Let the equation of the circle is `x^(2) + y^(2) - 2x-4y + 1 = 0` A line through `P(alpha, -1)` is drawn which intersect the given circle at the point A and B. if PA PB has the minimum value then the value of `alpha` is.
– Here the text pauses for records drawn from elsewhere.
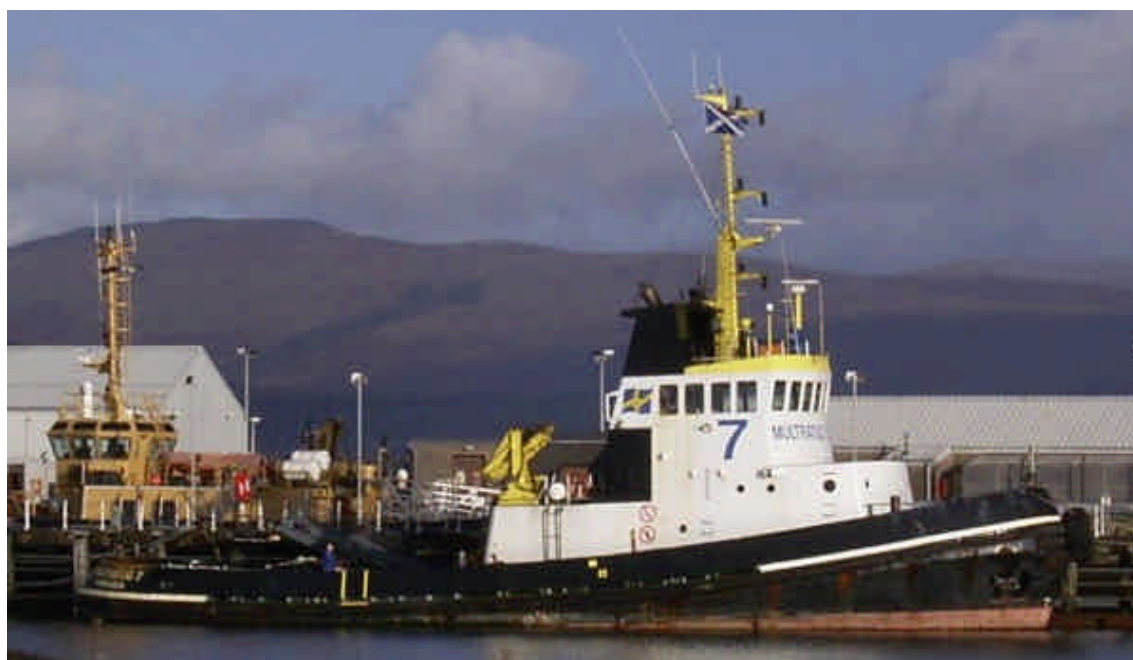
The MULTRATUG 7 arrived in Greenock, Note the SCOTTISH flag in the mast of the vessel
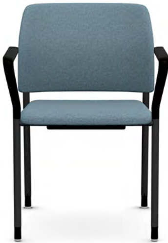
Accommodate® Guest Chair
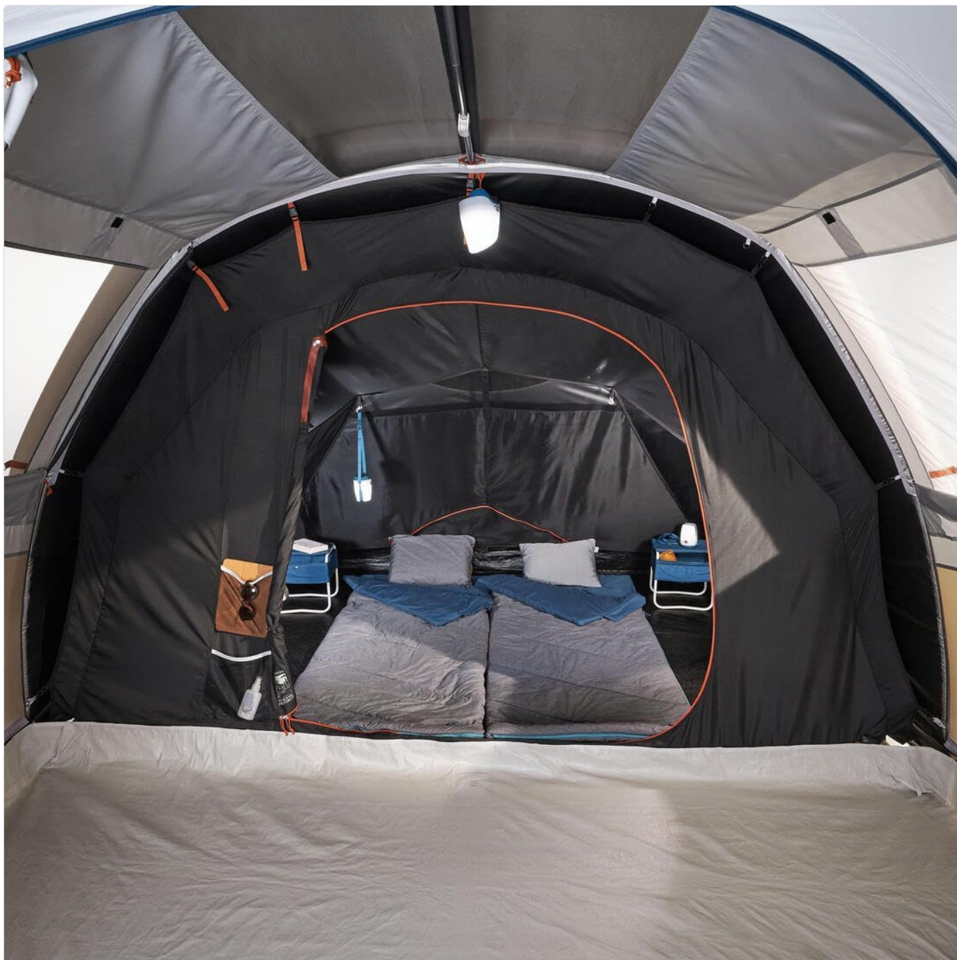
Image: The interior of the Fresh & Black bedroom, showing space for sleeping bags or air mattresses.
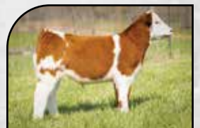
HGTA x Lot 1
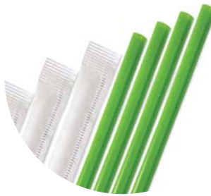
Pipes & Straws
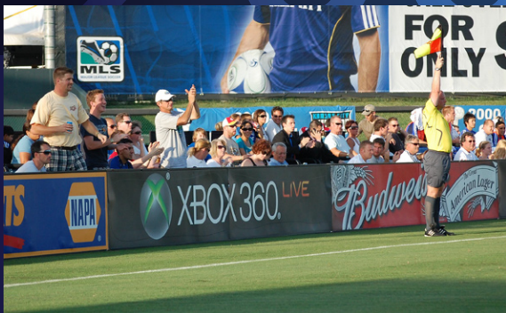
Field Side Reserved
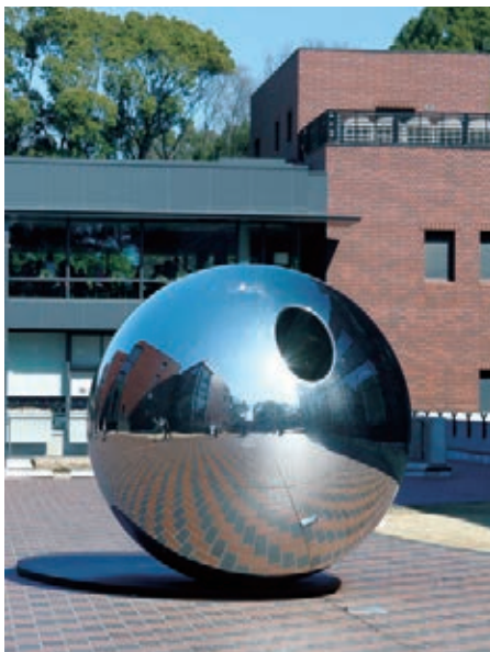
INOUE Bukichi, my sky hole 85-2: light and shadow , 1985
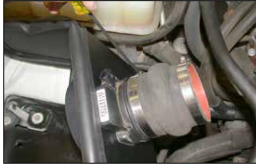
15. Install the silicone step hump hose and hose clamps onto the mass air sensor and tighten as shown.
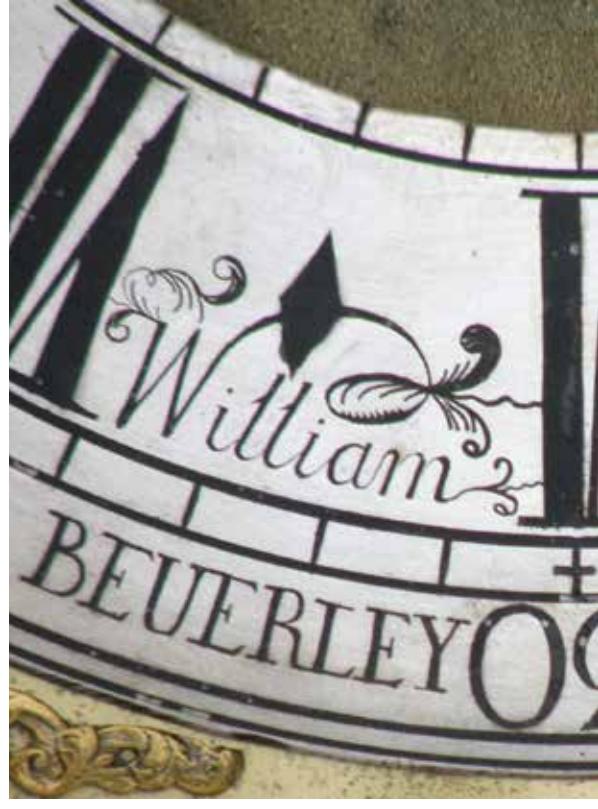
Figure 2 (above). Detail of the name on the chapter ring.

Figure 1 (left). Dial of an eight-day longcase clock by William Mainman of Beverley, about 1740-50.

To solve the problem, we need to find the value of \( \alpha \) such that the product \( PA \cdot PB \) is minimized, where \( P(\alpha, -1) \) is a point from which a line intersects the circle at points \( A \) and \( B \). ### Step-by-Step Solution: 1. **Rewrite the Circle Equation**: The given equation of the circle is: \[ x^2 + y^2 - 2x - 4y + 1 = 0 \] We can rearrange it to find the center and radius of the circle. 2. **Complete the Square**: For the \( x \) terms: \[ x^2 - 2x = (x - 1)^2 - 1 \] For the \( y \) terms: \[ y^2 - 4y = (y - 2)^2 - 4 \] Substituting these into the circle equation gives: \[ (x - 1)^2 - 1 + (y - 2)^2 - 4 + 1 = 0 \] Simplifying this, we have: \[ (x - 1)^2 + (y - 2)^2 = 4 \] Thus, the center of the circle is \( (1, 2) \) and the radius \( r = 2 \). 3. **Find the Distance from Point \( P \) to the Center**: The distance \( PT \) from point \( P(\alpha, -1) \) to the center \( C(1, 2) \) is calculated using the distance formula: \[ PT = \sqrt{(\alpha - 1)^2 + (-1 - 2)^2} = \sqrt{(\alpha - 1)^2 + 9} \] 4. **Use the Tangent-Secant Theorem**: According to the tangent-secant theorem, we have: \[ PA \cdot PB = PT^2 \] Therefore: \[ PA \cdot PB = (\sqrt{(\alpha - 1)^2 + 9})^2 = (\alpha - 1)^2 + 9 \] 5. **Minimize the Expression**: We need to minimize: \[ f(\alpha) = (\alpha - 1)^2 + 9 \] The minimum value of \( f(\alpha) \) occurs when \( (\alpha - 1)^2 \) is minimized, which is at \( \alpha = 1 \). 6. **Verify the Minimum**: To confirm that this is a minimum, we can take the second derivative: \[ f'(\alpha) = 2(\alpha - 1) \] Setting \( f'(\alpha) = 0 \) gives \( \alpha = 1 \). The second derivative: \[ f''(\alpha) = 2 > 0 \] indicates that \( f(\alpha) \) is concave up, confirming a minimum at \( \alpha = 1 \). ### Final Answer: The value of \( \alpha \) for which \( PA \cdot PB \) has the minimum value is: \[ \alpha = 1 \]